Glory Be to Bologna! (Heloise 1.0)

Grandma Rosie died last August and somehow, some way, her cookbooks and homemaking books ended up at my parents’ house. And then, somehow, they ended up with me. I’m beginning to think maybe we are doing some sort of strange ancestral “Pass Along This Uselessness” game because I have exactly zero memories of Grandma Rosie cooking or being a stickler for having a clean house. (I have plenty of memories of Grandma Rosie criticizing my mother and me for our lack of homemaking skills because those who can’t, criticize others for can’t-ing, too.)

IMAG0805.jpgOne of those books is Hints from Heloise with the author being listed as “Heloise” and I know this book is going to be outstanding because she acknowledges the men in her life for “helping choose the hints men would like most.” You know I want to skip ahead to those, but we’ll get there. There are 2000 hints, by the way, but I have painstakingly sat on a couch reading aloud to my family the best ones and, subsequently, am sharing them with you. Then I shall write a book called Wisdom from Wonkypenguin and it will sell about as well as the fish fondue in one cookbook we found.

Heloise’s mastery of the English language is really what makes this baby a masterpiece.

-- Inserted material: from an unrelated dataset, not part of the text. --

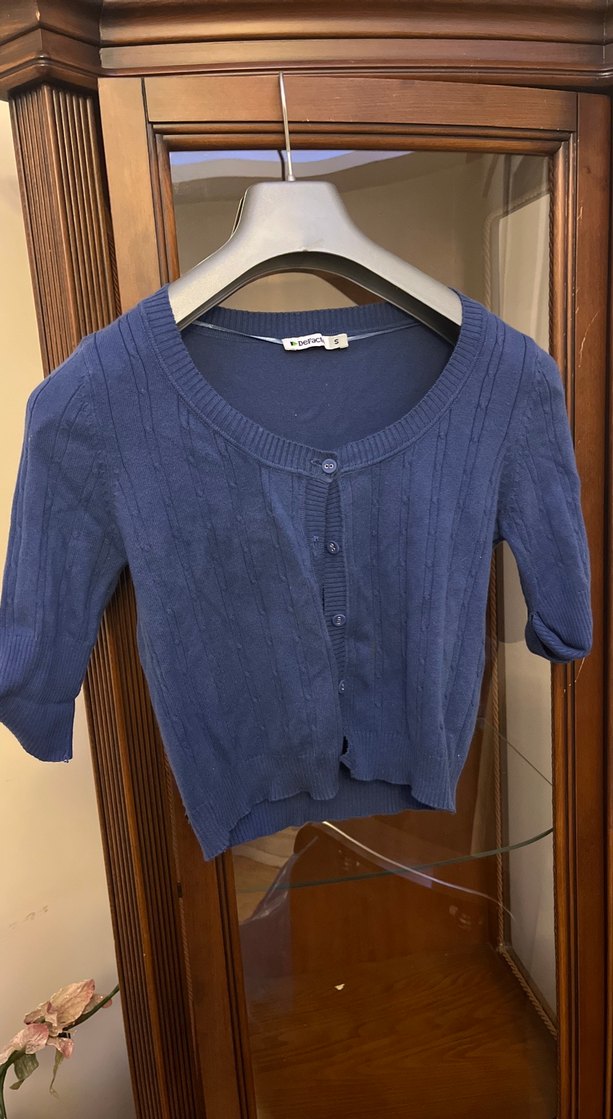 Mavi pamuk kumaştan, kısa kollu ve düğmeli ön kısmı olan, normal midi boyda, ince kesim kadın hırka. Günlük kullanıma uygundur.
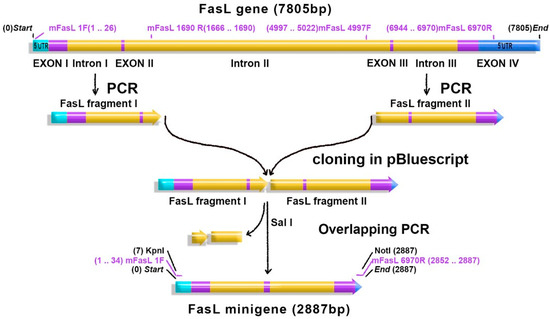 Supplementary materials can be found at https://www.mdpi.com/1422-0067/21/17/6011/s1. Table S1: Primers used for cloning, selection of the recombinants, sequencing, and RT-PCR, Figure S1: FasL minigene fragments cloning in pBKS, Figure S2: Selection of recombinant plasmids by PCR.

We shall begin with Chapters 1 and 2.

Soup & Main Dishes

Page 8:

I make the best for-free soup. That’s because our local fishery doesn’t charge for fish heads, bones, or tails.

This book was published in 1980 so we weren’t exactly still in the Great Depression, but I understand some people picked up some habits from that era that never died. I’m just trying to imagine having friends over and serving them soup with fish heads in it. Also my mother almost gagged when I read this out loud. I have a feeling it won’t be the only time.

Page 10: 

If you eat soup with a plastic spoon, it’ll cool faster. Metal spoons retain the heat.

Physics by Heloise.

Page 16-17: 

I always divide packages of bologna into slices and store them, three pieces per pack, in individual plastic sandwich bags, then freeze ’em. They thaw faster that way.

But sometimes I get in a hurry long about noon…

So I remove the three slices from the package, lay them in a small skillet and pour boiling water from my teakettle over ’em.

In less than a minute they’re all thawed. But the best part of it is this: That old skin peels off smoothly and instantly with absolutely no waste whatsoever of the meaty part.

Place “thawed slices on the paper towel. Zingo! — all the water’s blotted up and the bologna is edible quick as lightning.

The bologna can be eaten cold or put back in the same emptied skillet and heated.

Use the same paper napkin to wipe the skillet out (it’s not dirty) and put the skillet away.

Glory be to bologna!

I felt obligated to post that one since it’s Easter. Glory be.

Page 36:

Luscious brown tidbits

I’m not even going to tell you what this is for because it doesn’t matter. Those are three words we should just all agree should never be in that order next to each other. Just. No.

Page 39:

For dieters who miss eating spaghetti:

Make spaghetti sauce… but pour it over lean hamburger.

It may not come up to the real McCoy, but for the time being it does satisfy that yearning.

No. See. The part of the spaghetti that is the problem for dieters is the noodles. The noodles are the ONLY McCoy in that whole dinner. So, just, shush.

Page 43:

Sometimes we sure get in a rut when it comes to using kitchen aids. F’rinstance, a Minnesota housewife only used her electric knife to cut roast beef until one day when inspiration hit her while making turkey stuffing:

“I used my electric knife to cube the bread and dice the celery and onion.

“I left the celery in a bunch and, starting at the top, sliced down. The whole bunch was cut in seconds!”

Quick – someone tell Delores that, instead of a washboard, there are these crazy things called washing machines. Also: My mother said, “Even I have cut celery. It’s not exactly something that needs a time-saving fix.”

Page 44:

I was visiting a friend recently who had only one can of tuna for sandwiches. She just didn’t see how she was going to stretch it for all her kids. So she put in lots and lots of chopped celery, which gave it quite a bit of crunch.

I took a carrot and grated it on the smallest part of her grater and added it to the mixture. Heaven help a duck…

True story: I am reading these entries out loud to my family. I got to “Heaven help a duck” and I began laughing so hard, I could not actually say it out loud. So I passed the book to my mom. She read the entry, got to that part, and began laughing and snorting. Passed it to my wife, she did the same thing. Finally, my father managed to squeak out those four words before we all continued laughing for at least three minutes.

My next stand-up routine is simply going to be me standing at the microphone inviting people to come up and read this passage. Should have the room laughing in minutes.

Also: This causes a problem. Will my next personalized license plate be “GB2B” (Glory by to Bologna) or “HHaD”? I’m going to need a poll.